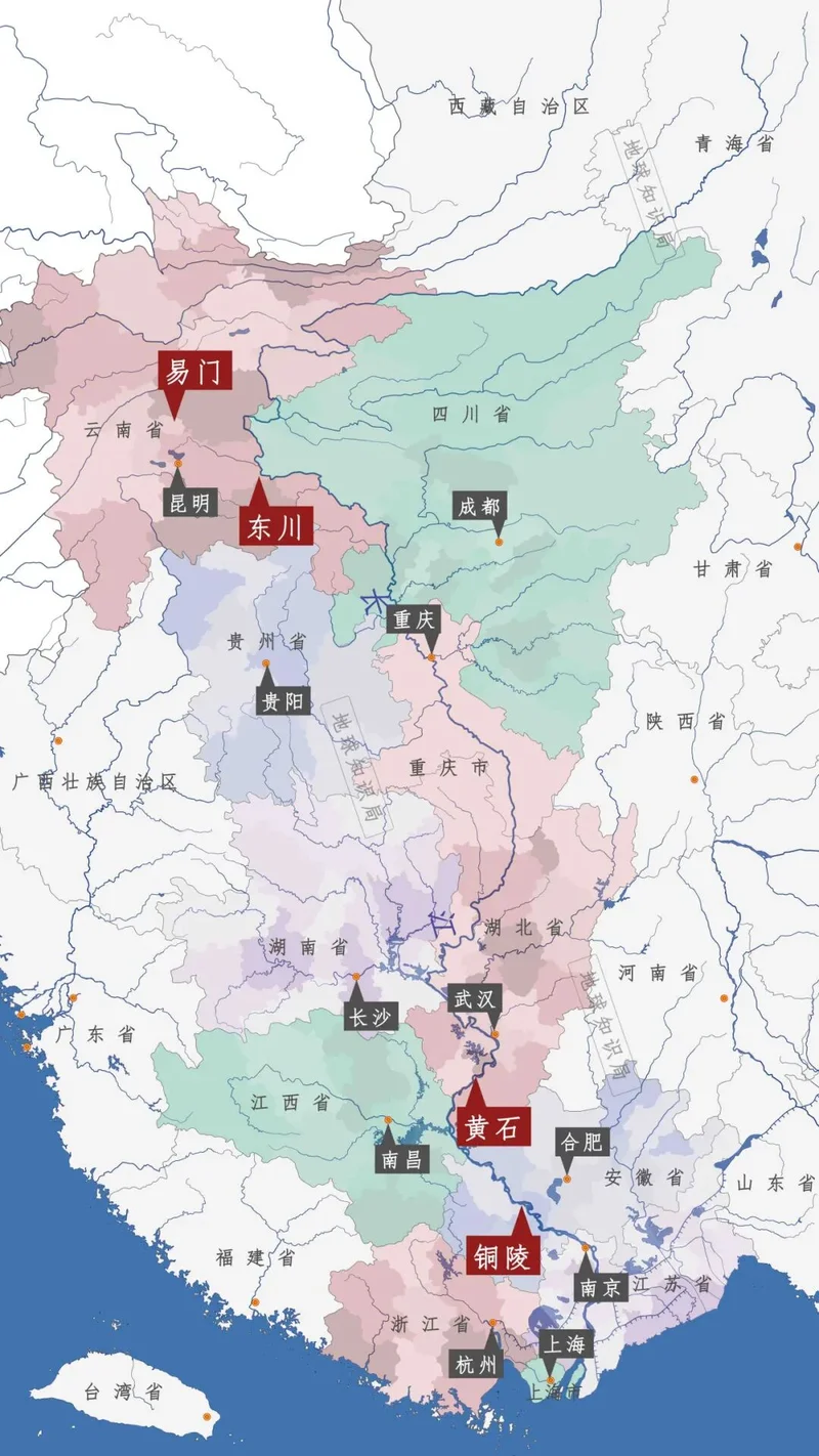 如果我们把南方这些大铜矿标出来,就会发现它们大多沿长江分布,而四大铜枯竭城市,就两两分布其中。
== == ==
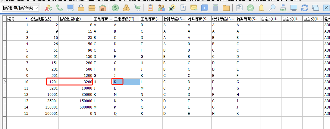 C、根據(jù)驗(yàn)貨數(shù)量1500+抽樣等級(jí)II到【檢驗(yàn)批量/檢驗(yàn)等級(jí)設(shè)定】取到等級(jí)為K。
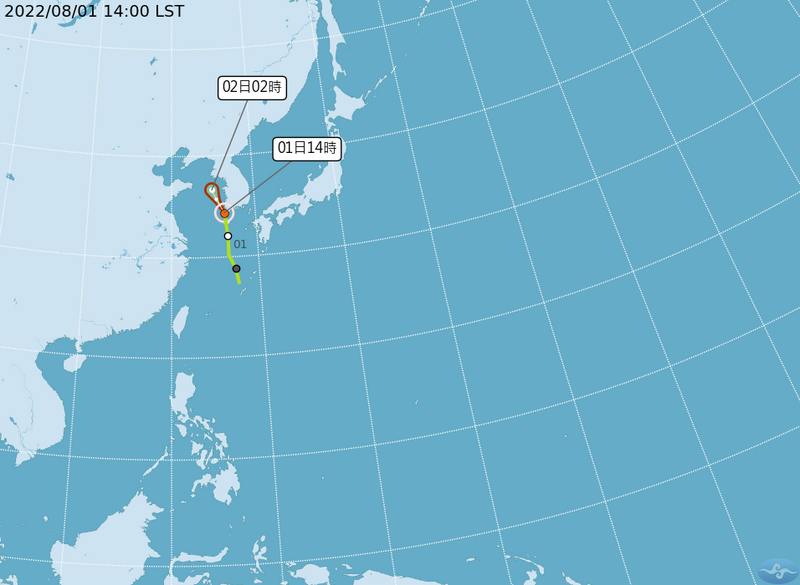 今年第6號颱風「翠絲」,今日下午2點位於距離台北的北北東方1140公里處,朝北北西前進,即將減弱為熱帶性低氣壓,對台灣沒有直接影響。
== == ==
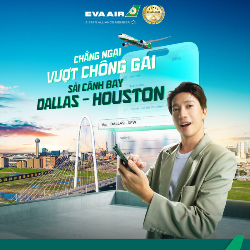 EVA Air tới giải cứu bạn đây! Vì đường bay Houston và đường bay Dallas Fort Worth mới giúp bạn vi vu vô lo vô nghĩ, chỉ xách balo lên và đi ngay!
== == ==
**Try it:**
Take the entries above and copy exactly the lines starting at the one with "C、根據(jù)驗(yàn)" and ending at the one with "今年第6號颱風「翠絲」,今日"; nothing outside that span, and no pictures.

**Reply:**
 C、根據(jù)驗(yàn)貨數(shù)量1500+抽樣等級(jí)II到【檢驗(yàn)批量/檢驗(yàn)等級(jí)設(shè)定】取到等級(jí)為K。
 今年第6號颱風「翠絲」,今日下午2點位於距離台北的北北東方1140公里處,朝北北西前進,即將減弱為熱帶性低氣壓,對台灣沒有直接影響。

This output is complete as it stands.